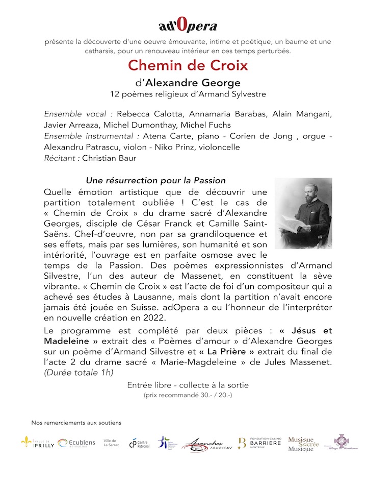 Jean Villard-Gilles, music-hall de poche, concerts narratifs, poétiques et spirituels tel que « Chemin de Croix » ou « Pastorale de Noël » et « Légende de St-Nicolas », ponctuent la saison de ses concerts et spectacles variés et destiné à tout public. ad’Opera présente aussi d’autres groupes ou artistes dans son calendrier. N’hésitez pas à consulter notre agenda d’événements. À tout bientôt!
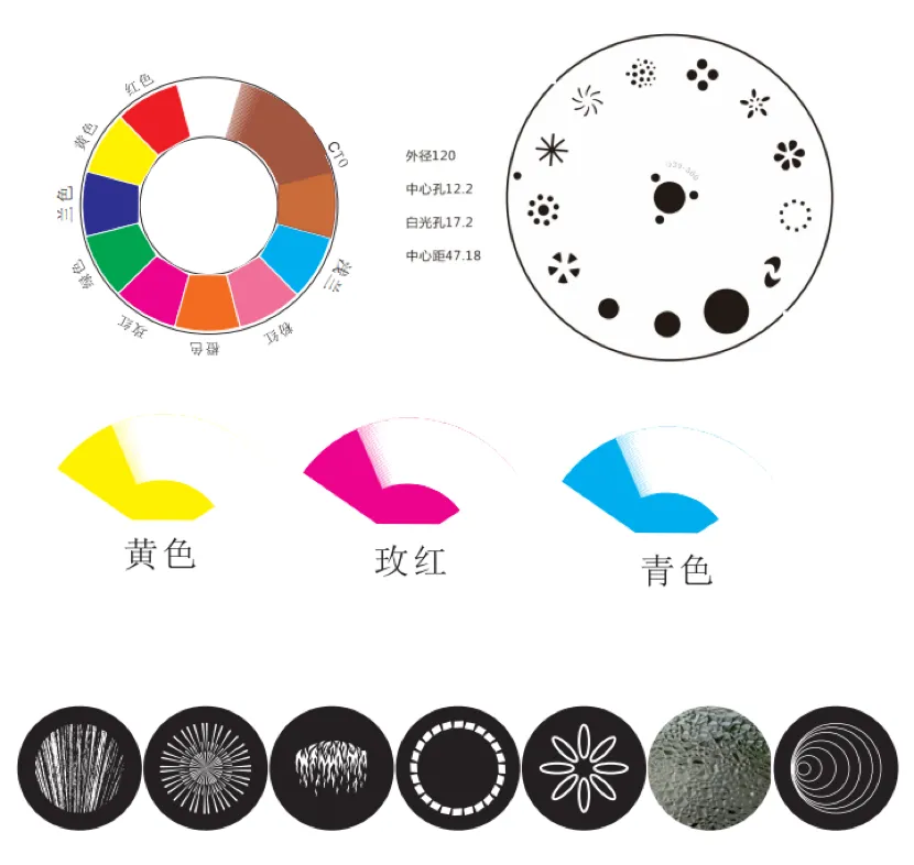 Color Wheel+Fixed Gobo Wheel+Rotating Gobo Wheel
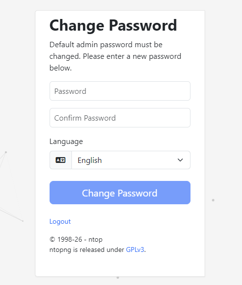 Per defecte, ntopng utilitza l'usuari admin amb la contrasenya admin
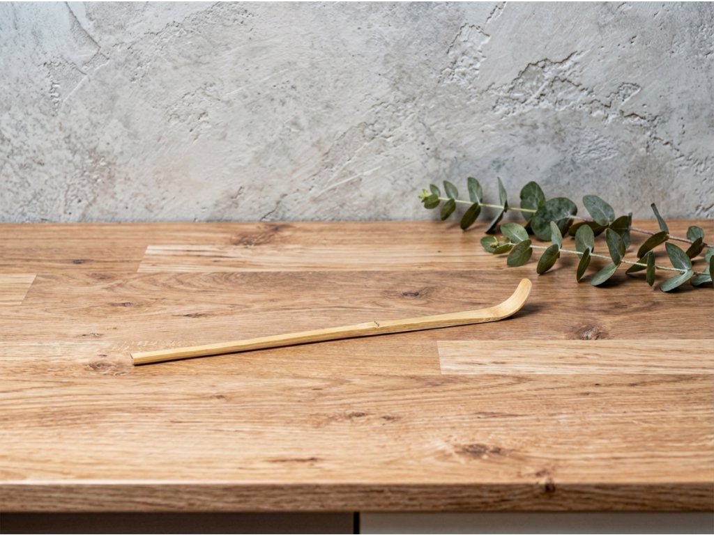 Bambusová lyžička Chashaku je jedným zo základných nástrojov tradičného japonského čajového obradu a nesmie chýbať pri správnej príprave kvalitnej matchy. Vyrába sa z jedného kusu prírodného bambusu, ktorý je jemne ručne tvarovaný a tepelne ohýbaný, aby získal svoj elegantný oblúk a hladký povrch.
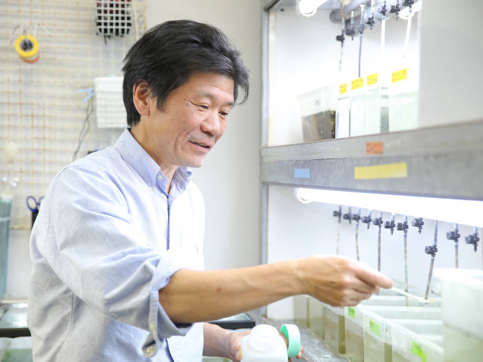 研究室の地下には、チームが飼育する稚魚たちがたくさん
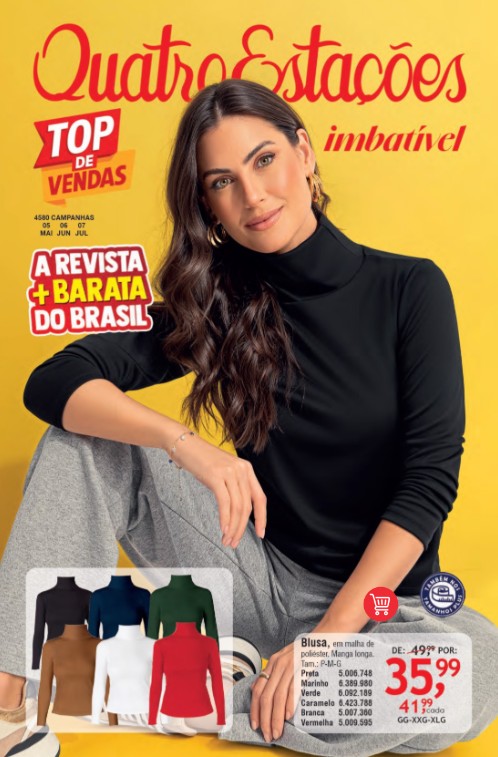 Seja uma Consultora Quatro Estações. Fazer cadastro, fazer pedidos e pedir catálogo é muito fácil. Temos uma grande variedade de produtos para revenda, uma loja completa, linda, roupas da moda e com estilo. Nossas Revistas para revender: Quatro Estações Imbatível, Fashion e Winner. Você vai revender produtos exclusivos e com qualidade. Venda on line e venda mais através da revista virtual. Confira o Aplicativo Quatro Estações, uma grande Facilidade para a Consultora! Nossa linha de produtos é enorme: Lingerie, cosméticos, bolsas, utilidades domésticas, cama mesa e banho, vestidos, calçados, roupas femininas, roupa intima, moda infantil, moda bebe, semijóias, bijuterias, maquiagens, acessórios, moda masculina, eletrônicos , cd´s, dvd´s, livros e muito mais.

Your objective:
Set the records down again exactly as given, and leave the pictures out.

Exercise solution:
 Jean Villard-Gilles, music-hall de poche, concerts narratifs, poétiques et spirituels tel que « Chemin de Croix » ou « Pastorale de Noël » et « Légende de St-Nicolas », ponctuent la saison de ses concerts et spectacles variés et destiné à tout public. ad’Opera présente aussi d’autres groupes ou artistes dans son calendrier. N’hésitez pas à consulter notre agenda d’événements. À tout bientôt!
 Color Wheel+Fixed Gobo Wheel+Rotating Gobo Wheel
 Per defecte, ntopng utilitza l'usuari admin amb la contrasenya admin
 Bambusová lyžička Chashaku je jedným zo základných nástrojov tradičného japonského čajového obradu a nesmie chýbať pri správnej príprave kvalitnej matchy. Vyrába sa z jedného kusu prírodného bambusu, ktorý je jemne ručne tvarovaný a tepelne ohýbaný, aby získal svoj elegantný oblúk a hladký povrch.
 研究室の地下には、チームが飼育する稚魚たちがたくさん
 Seja uma Consultora Quatro Estações. Fazer cadastro, fazer pedidos e pedir catálogo é muito fácil. Temos uma grande variedade de produtos para revenda, uma loja completa, linda, roupas da moda e com estilo. Nossas Revistas para revender: Quatro Estações Imbatível, Fashion e Winner. Você vai revender produtos exclusivos e com qualidade. Venda on line e venda mais através da revista virtual. Confira o Aplicativo Quatro Estações, uma grande Facilidade para a Consultora! Nossa linha de produtos é enorme: Lingerie, cosméticos, bolsas, utilidades domésticas, cama mesa e banho, vestidos, calçados, roupas femininas, roupa intima, moda infantil, moda bebe, semijóias, bijuterias, maquiagens, acessórios, moda masculina, eletrônicos , cd´s, dvd´s, livros e muito mais.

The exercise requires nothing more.